It was recently shown that “first generation” Ion Torrent sequencers were capable of accurately mapping the abundant histone H3 lysine 4 tri-methylation (H3K4me3) modification across the genome8. However this first generation technology is only able to sequence ~6 million reads in a single run – rendering it unable to reach the required read depth to sequence the far less discrete DNA modification patterns. With the recent development of a “second generation” semiconductor based sequencer (named the “Ion Proton sequencer”), which is capable of sequencing between 80–100 million reads per run, researchers are now able to explore the use of this relatively cost-effective and rapid sequencer for DNA modification based genome wide studies. In addition, semiconductor sequencing has the advantage of being able to sequence longer DNA fragments than alternative platforms (typically ~120 bp–150 bp (or greater) in length compared to Illumina 50 bp or 100 bp read lengths; Table 1) which increases the mapping efficiency greatly.

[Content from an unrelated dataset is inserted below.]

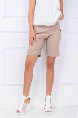 Krótkie spodenki z wyższym stanem. Sięgają powyżej kolan. Dopasowują się do ciała dzięki elastycznemu materiałowi. W pasie gumka. Z przodu kieszenie zapinane na zamek. Materiał 95% bawełna, 5% elastanModelka wzrost 175cm, na co dzień nosi S/M, rozmiar z prezentacji produktu M/L

Here we outline a method that utilises this commercially available semiconductor sequencing technology to generate genome wide patterns of DNA modifications following antibody immunoprecipitation; although this method will also work for 5hmC libraries generated by alternative enrichment strategies4,9. We focus in particular on profiling of the recently characterised and low abundant 5-hydroxymethylation (5hmC) mark, which constitutes between 0.1–7% of modified cytosine in non-CNS mouse tissues, the pattern of which is strongly perturbed in many cancers10,11,12,13,14. We have also successfully profiled the 5 mC mark in both tissue and cell lines using the same protocol (JT, unpublished data).

Table 1

Results

Experimental design overview

Currently there are a host of methods to study the genome wide distributions of the 5hmC mark both at single base resolution15,16 and following enrichment for the 5hmC modification4,13,17,18,19,20. Due to the high cost of the former (a great degree of sequencing is required to generate sufficient coverage for such experiments), enrichment based assays (such as “affinity” enrichment or antibody based purification methods) are most routinely applied to study the distribution of 5hmC throughout the genome. Although these two techniques result in the generation of highly similar genome wide 5hmC patterns, a small number difference have been noted – particularly at CG poor loci and simple tandem repeats9,21. Due to the relative robustness of the protocol, high specificity of the antibody and overall quality of the resulting data17,22,23 we have adapted standard antibody enrichment protocols (hydroxymethyl DNA immunoproceipitation; hmeDIP) to generate genome wide datasets for 5hmC using a semiconductor sequencing approach which is both rapid, requiring under 4 hours to run and cost effective relative to alternative next generation sequencing strategies (table 1).

The first phase of the hydroxymethyl DNA immunoprecipitation and semiconductor sequencing (“hmeDIP-SC-seq”) protocol relies on the fragmentation of high quality genomic DNA to generate a range of fragments 100–500 bp long, the majority of which are around 300 bp in length (Fig. 1). The next stage focusses on the enrichment of the fragmented DNA fragments which contain the epigenetic mark of interest (in this case 5hmC) using a highly specific antibody (for full protocol see17). It is also important that a reference input sample (10% of the total starting material) is removed prior to the enrichment steps and processed in parallel through the subsequent. This will allow the researcher to determine true enrichment over the background sequencing “noise”. In total these steps can take up to 6 hours to complete (Fig. 1).

Figure 1
figure 1

A flow-chart for the DNA immunoprecipitation semiconductor sequencing (DIP-SC-seq) protocol. Major steps in the DIP-SC-seq protocol are shown which can be broken into four stages. Step i is to enrich the DNA fragments of interest through antibody based pull downs. Step ii is low level whole genome amplification to generate double stranded DNA. Step iii is the preparation of sequencing libraries prior to sequencing on the semiconductor itself. And finally step iv is bioinformatic processing and normalisation. Overall it is possible to complete the entire protocol in less than 4 days.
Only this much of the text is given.